As to the impact of TTS Wireless on GAAP results, this will not be known until after Amdocs completes the purchase price allocation for the acquisition. We expect normalized free cash flow for fiscal year 2020 for approximately -- of approximately $480 million, which includes a slow start to the year followed by a significantly stronger second half.

Normalized free cash flow in the first fiscal half will reflect the initial impact of the new deal with AT&T as well as setup costs we expect to incur during the establishment phase of such a deal, required working capital investments related to the ramp-up of recent transformation awards and the timing of annual bonus payments in Q2, just as we see every year.

We expect normalized free cash flow will improve significantly in the second half of fiscal 2020, reflecting a conversion rate of 100% or better relative to non-GAAP net income. Included -- including anticipated capital expenditure of roughly $120 million associated with the multiyear development of our new campus in Israel and other items, we expect reported free cash flow of roughly $350 million in fiscal 2020.

Regarding our capital allocation plan, we expect to return roughly 100% of our normalized free cash flow of $480 million in fiscal 2020. This includes our quarterly share repurchase program, for which our Board has, today, authorized an additional $800 million with no stated expiration. In total, we now have more than $1 billion of authorized capacity for share repurchases, which we will execute on the company's discretion going forward.

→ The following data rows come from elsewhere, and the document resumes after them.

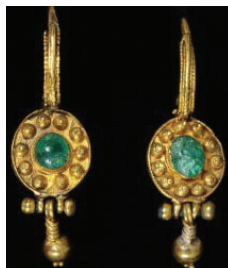
V&A Jewellery Collections

The collections also include accessories such as shoes, handbags and gloves.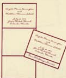
Vertical "Z" Fold Program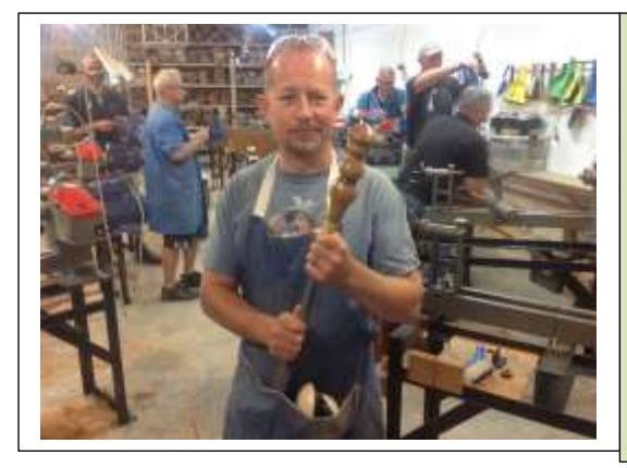
THURSDAY's two new members.

A special welcome to our new members. They all look pleased with their first project completed after just one session. Well done!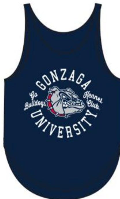
WPR008 FEATHERFEEL ULTRA BOXY DROPTAIL TANK CENTER CHEST GRAPHIC: VG0058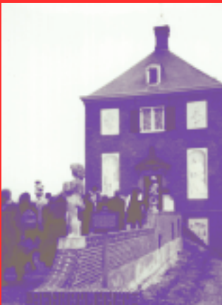
Foreign participants in CODART EEN leaving Huis ten Bosch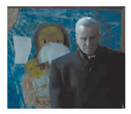
Figure 2: 'Silent' Woman in the Poster

This metaphor develops into a sub-metaphor CHORNOBYL IS ESPIO-NAGE. The very beginning of the series (Episode 1 "1:23:45") introduces the viewers to the metaphor CHORNOBYL IS ESPIONAGE. Under disguise of darkness Legasov leaves his flat in an attempt to hide the cassettes in a small air vent in a dark alley next to his building. He quickly passes through the beam of a streetlamp to avoid being noticed by a man from the surveillance car parked nearby. The source domain is recruited visually – by darkness, subdued light, and Legasov's furtive behaviour – and it is reinforced by the suspenseful tunes of the musical mode.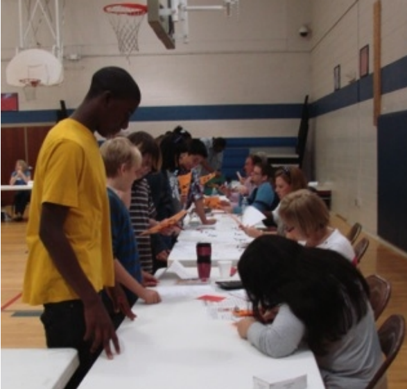
Franklin County High School, Rocky Mount

Reality Check provides students a glimpse at what real life will be like. From paying bills, caring for children and pets, to managing through unexpected expenses, it is a true reality check to see if what they are planning to do for a career will give them the lifestyle they envision for themselves.

As a reminder, we retain the flexibility to vary the level of share repurchase activity from quarter-to-quarter, depending on factors such as the outlook for M&A, financial markets and prevailing industry conditions.

Additionally, we expect the total return we deliver to shareholders will be enhanced beyond the earnings growth outlook via our dividend program, which if the new quarterly dividend rate of $0.328 per share is approved by shareholders at the Annual Meeting in January, would yield about 2% on the current share price.

Therefore, we expect the sum of our diluted non-GAAP EPS growth plus the dividend yield to equate to a total shareholder's return in the mid- to high single digits for the eighth consecutive year in fiscal 2020.

With that, we can turn it back to the operator, and we're happy to take your questions.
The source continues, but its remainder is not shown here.